This fall and winter, the James A. Michener Art Museum exhibits the work of celebrated illustrators Norman Rockwell and Charles Hargens. Norman Rockwell in the 1940s: A View of the American Homefront and Charles Hargens: American Illustrator are on view at the Museum’s New Hope, Union Square location October 19, 2007 through February 10, 2008.

“These two exhibits provide a unique opportunity for viewers to see the work of two well-known and accomplished American illustrators, both of whom had a hand in creating the popular mythology of our culture,” said Brian H. Peterson, Senior Curator at the Michener Art Museum. “Illustrators have often helped us define how we see ourselves, and the work of these two artists also opens a door to America’s past—the Old West and the Revolutionary period as interpreted by Hargens, World War II at home as seen by Rockwell.”

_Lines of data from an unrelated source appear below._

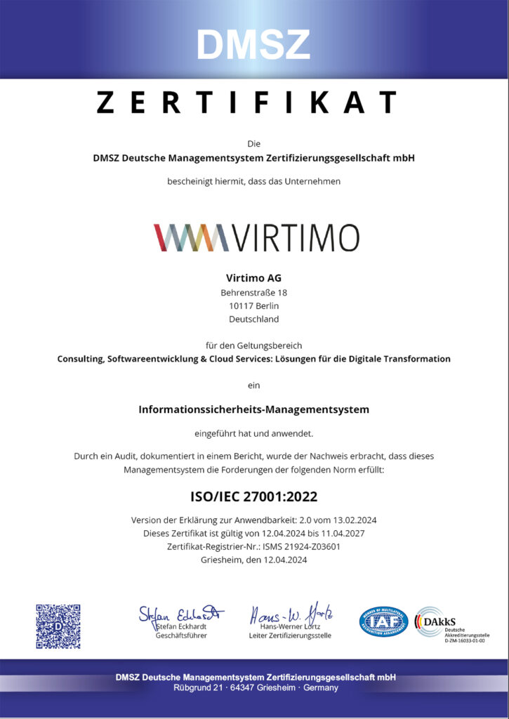 Ihre Informationen in besten Händen. Geprüfte Prozesse in Software und Consulting. Zertifizierte Sicherheit nach ISO/IEC 27001:2022. V wie Verantwortung. Informationssicherheit und der Schutz von Kund:innendaten sind zentrale Säulen unserer Arbeit. Wir freuen uns daher, dass unser Informationssicherheitsmanagementsystem [ISMS] offiziell nach ISO/IEC 27001:2022, dem international führenden Standard für Informationssicherheit, durch die DMSZ [Deutsche Managementsystem Zertifizierungsgesellschaft mbH] zertifiziert ist. Diese Zertifizierung bestätigt unser systematisches Management von Sicherheitsrisiken und die Implementierung robuster Schutzmaßnahmen. Der Geltungsbereich unserer Zertifizierung umfasst unser gesamtes Leistungsportfolio: Consulting, Softwareentwicklung & Cloud Services: Lösungen für die Digitale Transformation Für unsere Kund:innen und Partner:innen bedeutet dies die Gewissheit, mit einem Unternehmen zusammenzuarbeiten, das nachweislich höchste Standards in der Informationssicherheit anwendet und kontinuierlich verbessert. Aufgrund der permanenten Weiterentwicklung in der Informationstechnologie unterliegen diese Informationssicherheitsleitlinie und alle darauf aufbauenden Richtlinien und Konzepte der fortlaufenden Anpassung und Weiterentwicklung. Die Informationssicherheitsleitlinie ist für alle Beschäftigten von Virtimo einsehbar und wird auf Wunsch auch interessierten Kund:innen und Partner:innen zur Verfügung gestellt. Herunterladen Geprüft, engagiert, ausgezeichnet. Erfahren Sie, wo wir uns stark machen. Zu unserem Engagement Haben Sie Fragen?Ihre Ansprechpersonen bei Virtimo. Christoph FuchßVorstandVirtimo AGKontakt aufnehmen Stephanie TaeuscherLeiterin Marketing + CommunicationVirtimo AGKontakt aufnehmen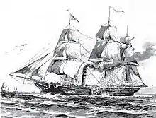 SS Savannah was an American hybrid sailing ship/sidewheel steamer built in 1818. She was the first steamship to cross the Atlantic Ocean, transiting mainly under sail power from May to June 1819. In spite of this historic voyage, the great space taken up by her large engine and its fuel at the expense of cargo, and the public's anxiety over embracing her revolutionary steam power, kept Savannah from being a commercial success as a steamship. Originally laid down as a sailing packet, she was, following a severe and unrelated reversal of the financial fortunes of her owners, converted back into a sailing ship shortly after returning from Europe.[2]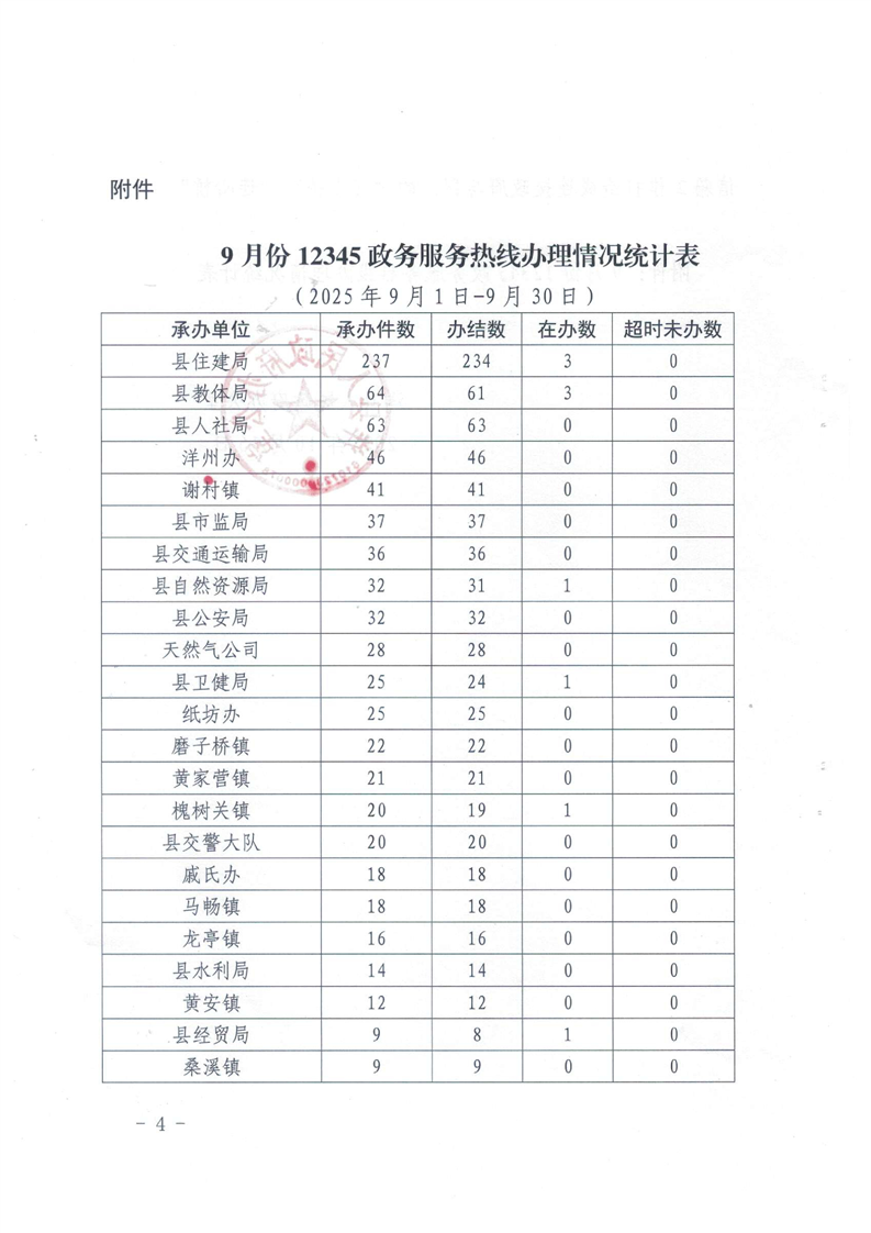 洋縣人民政府辦公室關于9月份12345政務服務熱線及市(縣)長信箱等群眾訴求辦理情況的通報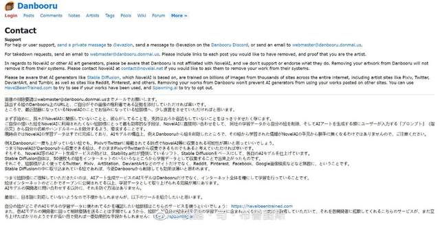 网站Danbooru发布的声明显示,像NovelAI这样的生成器是在数千个网站的数十亿张图片上进行训练的,包括Pixiv、Twitter、DeviantArt和Tumblr等艺术家网站,以及Reddit、Pinterest等网站,所以从Danbooru平台上删除作品并不会阻止AI继续使用画家在其他网站的作品。也就是说,只要是网络上开放的,就有可能成为学习数据,除了询问模型的开发者之外,没有其他方法可以阻止自己的作品被AI学习,除非画家把自己的画全网都删完,否则也很难一一查清楚是否被用来学习了。
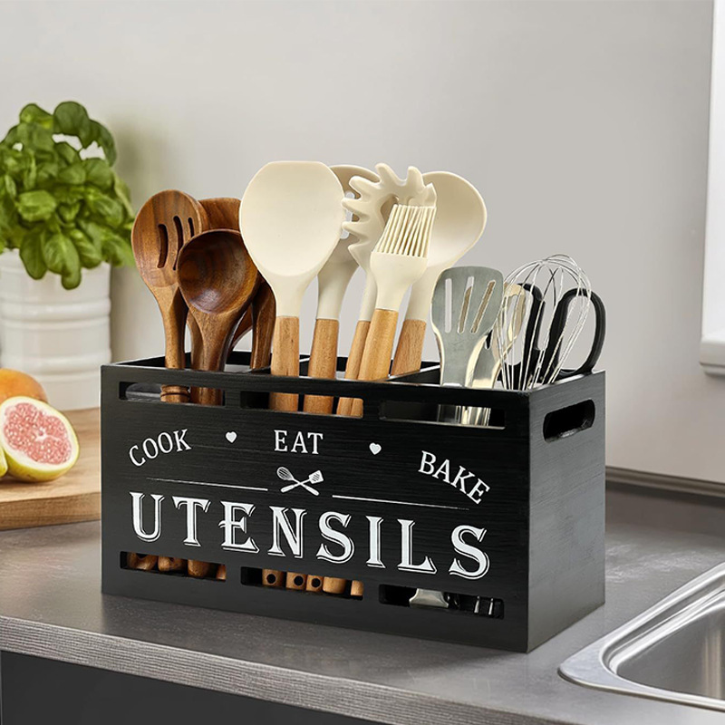 주방 식기 수납함, 수저, 주방용품 분할 정리 나무 상자, 양식당 탁상용 젓가락 수납함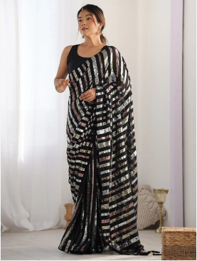 The black saree for party occasions ensures that the wearer stands out gracefully, making it a reliable option for cocktail parties, receptions, or festive gatherings.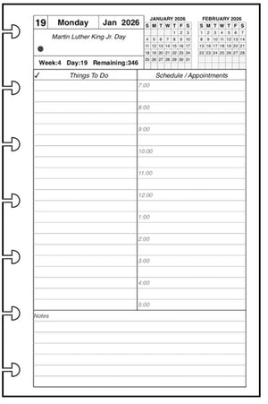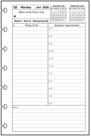 This is a daily and monthly planner insert for Happy Planner Mini size disc bound notebooks. Page is Happy Planner Mini size, 4.6in x 7in. Choose the week starting day as Sunday or Monday. Each day is on one page, and months are 2-page spreads. Each daily page has appointment slots from 7:00 am to 8:00 pm. In addition there is a column for daily activities and a checklist for things to do. Included are mini calendars for the current and next months.

HargensHargens was a longtime friend of Ben’s and his portrait of Hargens is included in the exhibition.
The Michener describes Hargens this way: “Over the course of a long and industrious career, Charles Hargens (1893-1997) focused his illustrations on themes of the Old West and the American Revolutionary period. His drawings and paintings of cowboys driving cattle, Native Americans against the backdrop of Mount Rushmore and patriots huddled in front of a campfire quickly built him a reputation as one of America’s finest illustrators. His work regularly appeared on the front of the Saturday Evening Post, Collier’s, Country Gentleman and Boys’ Life. He created hundreds of book covers for prestigious publishing houses and his work became the mainstay of Stetson Hat advertisements.”

Charles Hargens: American Illustrator, organized by the Michener Art Museum, gathers more than a dozen paintings including works used as covers for the Saturday Evening Post. The exhibition also features a charcoal-on-paper portrait of Hargens by Ben Solowey, a publisher’s promotional flyer for Portrait of a Marriage by Pearl S. Buck (for which Hargens illustrated the novel’s cover), plus magazines and photographs related to the artist’s work.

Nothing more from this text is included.